الاثنين، 27 أبريل 2026

‘I was super horny when I made my early work’: Loie Hollowell’s abstract paintings of breasts and vaginas

Equally inspired by childbirth manuals, Georgia O’Keeffe and her own hormones, pregnancy and motherhood, Hollowell paints beautiful anatomical abstractions. She opens up about her cosmic birth and out-of-body experience

‘It’s magical,” says Loie Hollowell. “It’s such good timing!” The artist, speaking via Zoom from her studio in Queens, New York, is referring to the Artemis II moon mission. Little did she know, when she named her latest painting series Overview Effect, after the term used by astronauts to describe the experience of seeing Earth from space and the profound feelings of awe and interconnectedness it provokes, that she’d be coinciding with this space odyssey. But she is not surprised anyone would want to leave Earth for a while. “We’re having so many problems here,” she says.

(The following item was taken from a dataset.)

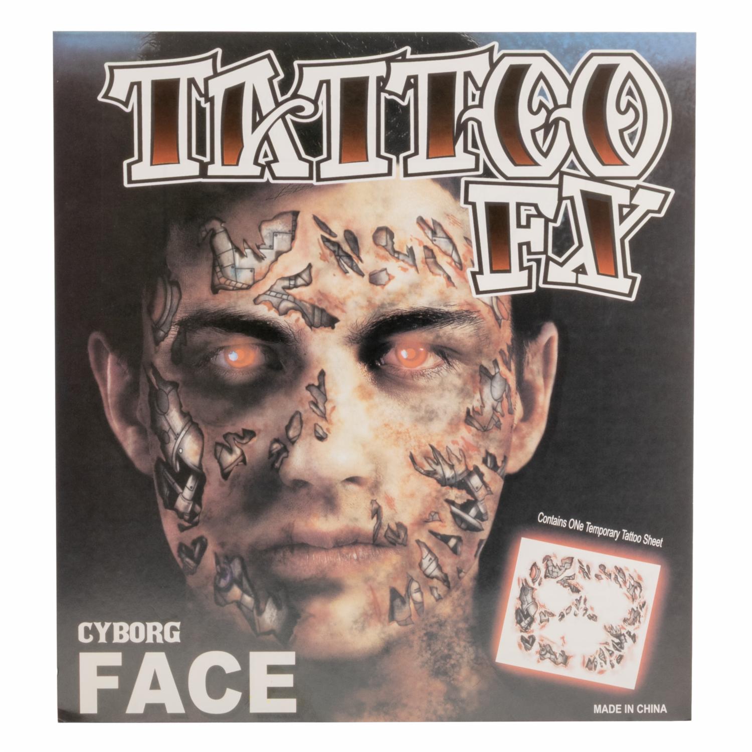 ¡Convierte tu look en toda una obra de arte futurista y terrorífica! Este tatuaje facial con diseño cyborg es perfecto para darle un toque único y original a tu disfraz de Halloween. Fácil de aplicar y con detalles que impresionan, ¡serás el centro de todas las miradas!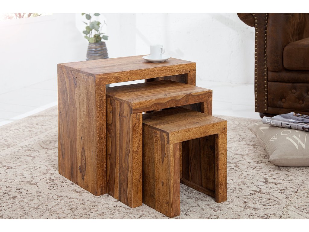 Odkládací stolek MADEIRA Sada 3ks sheeshamového dřeva

Overview Effect, currently at London’s Pace Gallery, features large-scale canvases combining twin concave and convex sculpted circles. If you folded the canvasses in half vertically, the halves would fit perfectly together. The works, which radiate outwards in rings of glorious colour that are both vibrant and soothing, are a continuation of earlier works focusing on pregnancy and birth through abstraction. Her Split Orb paintings and Dilation Stage series of pastel drawings responded to the difficult birth of her son in a New York hospital. Overview Effect is a result of her daughter’s easier arrival: a “cosmic” home birth that she found far more empowering.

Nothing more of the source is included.